━━━━━ Source information
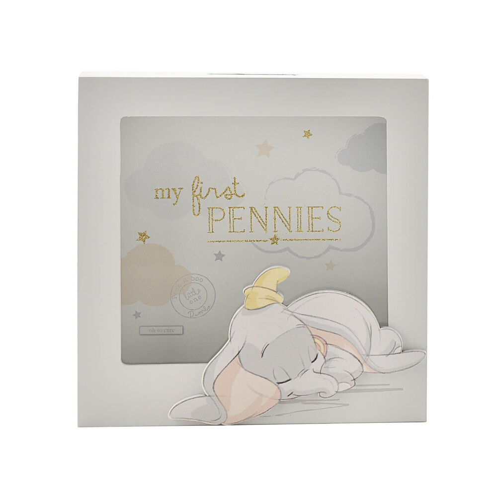 Diese wunderschöne Spardose hilft Eltern, für den kleinen Schatz ihres neuen Familienmitglieds zu sparen. Die hölzerne Spardose mit Fenster ist grau lackiert und mit einer niedlichen Buntstiftzeichnung eines schlafenden Dumbo verziert. Oben befindet sich ein Münzeinwurf. Auf der abnehmbaren Rückwand steht in goldenen Glitzerbuchstaben „Meine ersten Pennys“ vor einem Hintergrund aus pastellfarbenen Wolken und Sternen.
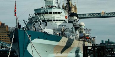WWII ship moored on Thames.
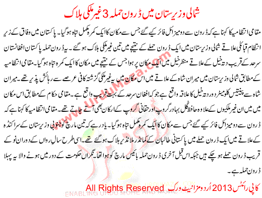 3 Foriegners Killed In Shumaili Wazeristan In Three Drone Attack
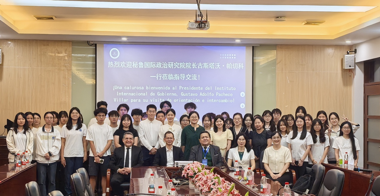 9月14日下午,秘鲁国际政治研究院院长帕切科(Gustavo Adolfo Pacheco Villar)、秘鲁国际政治研究院副院长奥马尔·切阿德(Omar Chehade)、中联部当代世界研究中心交流合作处处长徐栩、副处长聂胜权一行莅临必赢242net官网,为西班牙语专业师生创造与西语国家专家直接对话的机会,并深化必赢官网与西语国家顶尖智库的学术交流,拓展必赢官网国际合作网络。必赢242net官网副校长周鹏、必赢242net官网院长郭遂红、院长助理张雅敏、西班牙语系系主任邝美琳、西班牙语专业部分专任教师及学生参加了交流。交流会议由周鹏副校长主持。
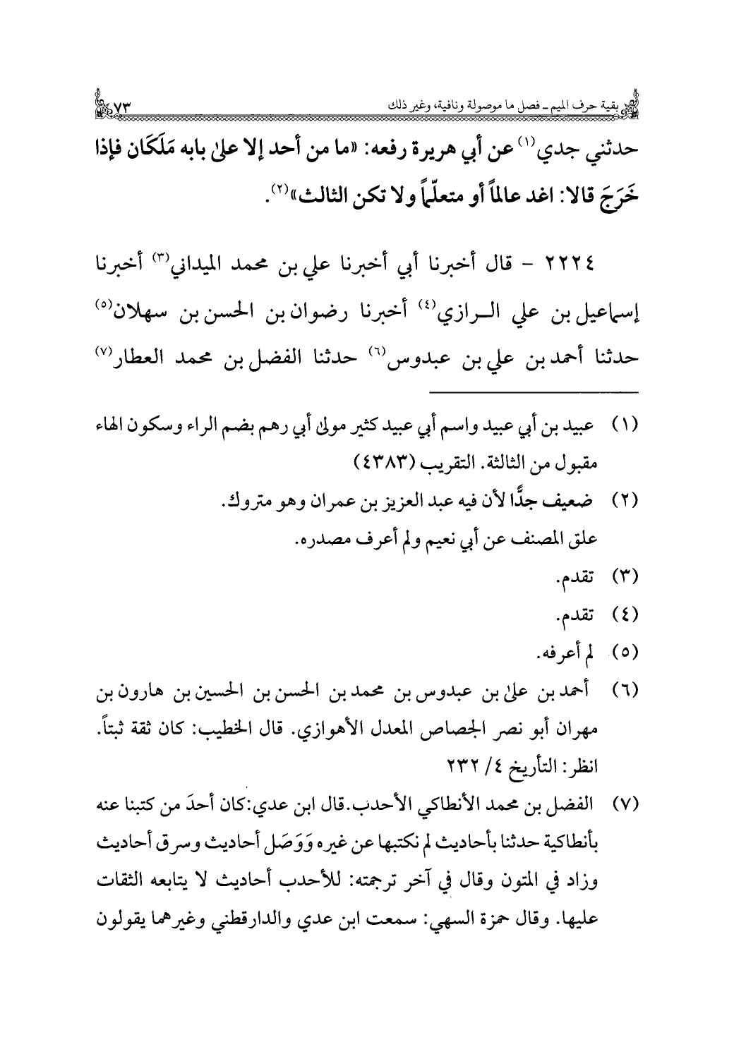 ٢٢٢٤ - قال أَخْبَرَنَا أبي أَخْبَرَنَا علي بن محمد الميداني (¬٣) أَخْبَرَنَا إسماعيل بن علي الرازي (¬٤) أَخْبَرَنَا رضوان بن الحسن بن سهلان (¬٥) حدثنا أحمد بن علي بن عبدوس (¬٦) حدثنا الفضل بن محمد العطار (¬٧)
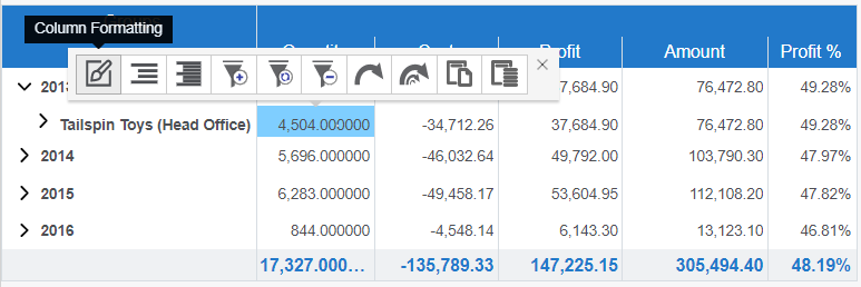Cliquez sur un champ dans la grille puis cliquez sur l'icône Formatage de colonne.
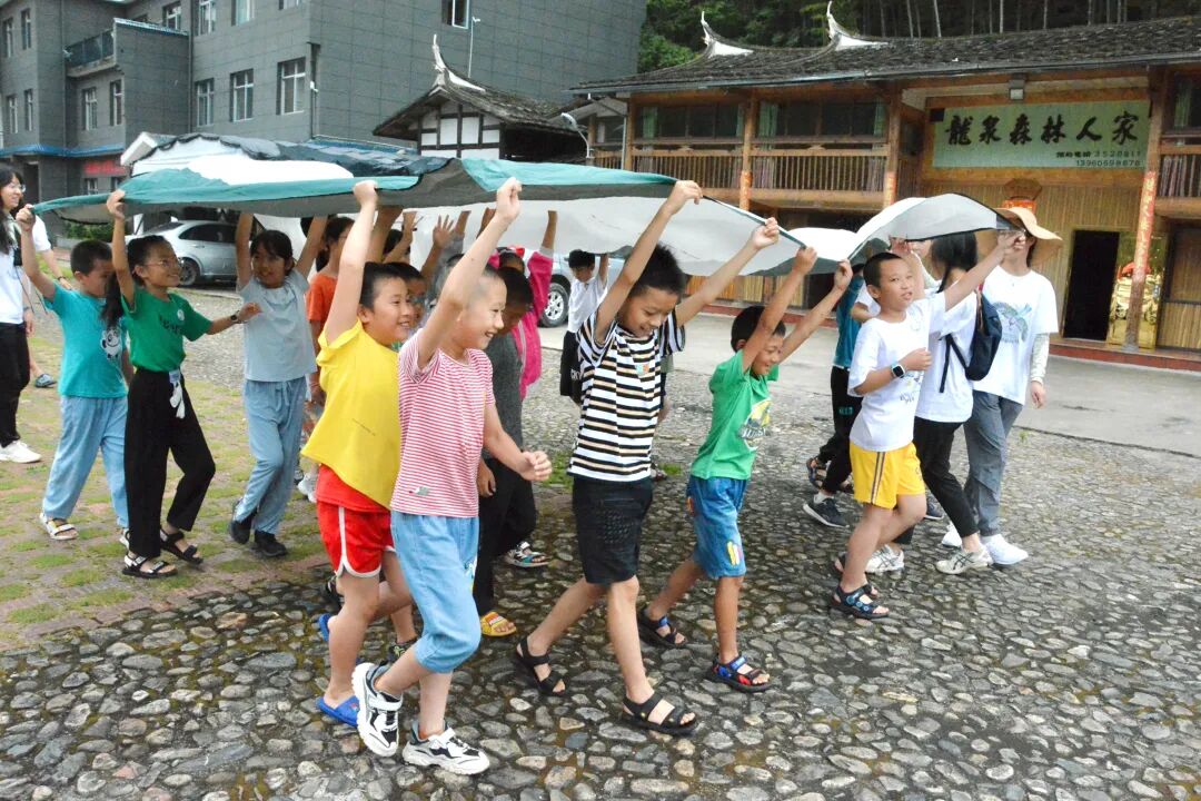 C组采用“自然寻宝”和“自然游戏”的结合方法,带领自然寻宝、盲听、兔子跳等活动,串起整个导赏过程,即便是突然变大的雨也无法阻挡营员和小朋友们探寻大自然的热情。大家在雨中即兴玩起了“移动城堡”的游戏,营员和小朋友们一起拉起露营用的天幕,在合作中快乐前进。
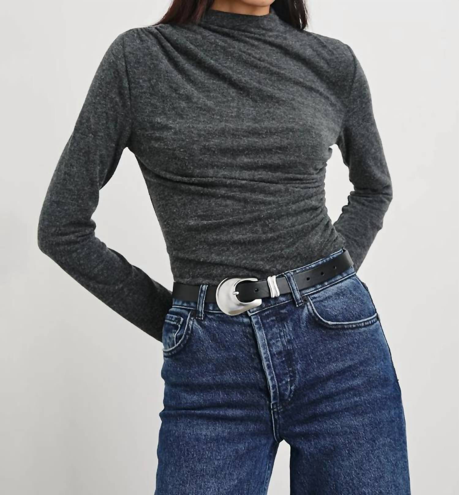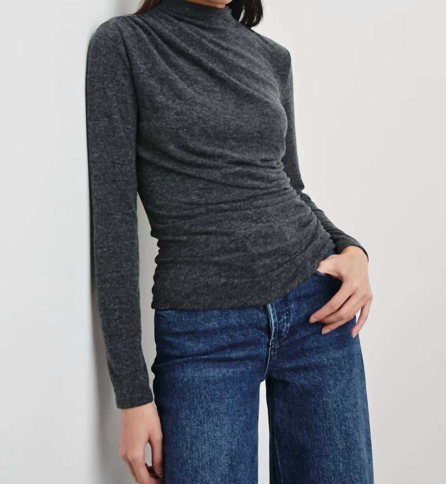 Layer under your favorite sweater or wear tucked into jeans for a perfectly polished winter look. Elevate your wardrobe with the Joelle Sweater by Rails, a chic addition in charcoal designed for contemporary style. This long sleeve sweater is crafted from a soft gauge jersey blend of 83.5% Polyester, 12.5% Rayon, and 4% Spandex, featuring an asymmetrical mock neck with shirring details. Imported and measuring 22 inches in length (measurements from size S), it offers a flattering and versatile fit. Closure: Pull-on. Care: Hand wash and lay flat to dry.
━━━━━━━━━━
**What you have to do:**
When you print the records above, keep them exact and leave out the pictures.

**Finished task:**
 Diese wunderschöne Spardose hilft Eltern, für den kleinen Schatz ihres neuen Familienmitglieds zu sparen. Die hölzerne Spardose mit Fenster ist grau lackiert und mit einer niedlichen Buntstiftzeichnung eines schlafenden Dumbo verziert. Oben befindet sich ein Münzeinwurf. Auf der abnehmbaren Rückwand steht in goldenen Glitzerbuchstaben „Meine ersten Pennys“ vor einem Hintergrund aus pastellfarbenen Wolken und Sternen.
WWII ship moored on Thames.
 3 Foriegners Killed In Shumaili Wazeristan In Three Drone Attack
 9月14日下午,秘鲁国际政治研究院院长帕切科(Gustavo Adolfo Pacheco Villar)、秘鲁国际政治研究院副院长奥马尔·切阿德(Omar Chehade)、中联部当代世界研究中心交流合作处处长徐栩、副处长聂胜权一行莅临必赢242net官网,为西班牙语专业师生创造与西语国家专家直接对话的机会,并深化必赢官网与西语国家顶尖智库的学术交流,拓展必赢官网国际合作网络。必赢242net官网副校长周鹏、必赢242net官网院长郭遂红、院长助理张雅敏、西班牙语系系主任邝美琳、西班牙语专业部分专任教师及学生参加了交流。交流会议由周鹏副校长主持。
 ٢٢٢٤ - قال أَخْبَرَنَا أبي أَخْبَرَنَا علي بن محمد الميداني (¬٣) أَخْبَرَنَا إسماعيل بن علي الرازي (¬٤) أَخْبَرَنَا رضوان بن الحسن بن سهلان (¬٥) حدثنا أحمد بن علي بن عبدوس (¬٦) حدثنا الفضل بن محمد العطار (¬٧)
Cliquez sur un champ dans la grille puis cliquez sur l'icône Formatage de colonne.
 C组采用“自然寻宝”和“自然游戏”的结合方法,带领自然寻宝、盲听、兔子跳等活动,串起整个导赏过程,即便是突然变大的雨也无法阻挡营员和小朋友们探寻大自然的热情。大家在雨中即兴玩起了“移动城堡”的游戏,营员和小朋友们一起拉起露营用的天幕,在合作中快乐前进。
 Layer under your favorite sweater or wear tucked into jeans for a perfectly polished winter look. Elevate your wardrobe with the Joelle Sweater by Rails, a chic addition in charcoal designed for contemporary style. This long sleeve sweater is crafted from a soft gauge jersey blend of 83.5% Polyester, 12.5% Rayon, and 4% Spandex, featuring an asymmetrical mock neck with shirring details. Imported and measuring 22 inches in length (measurements from size S), it offers a flattering and versatile fit. Closure: Pull-on. Care: Hand wash and lay flat to dry.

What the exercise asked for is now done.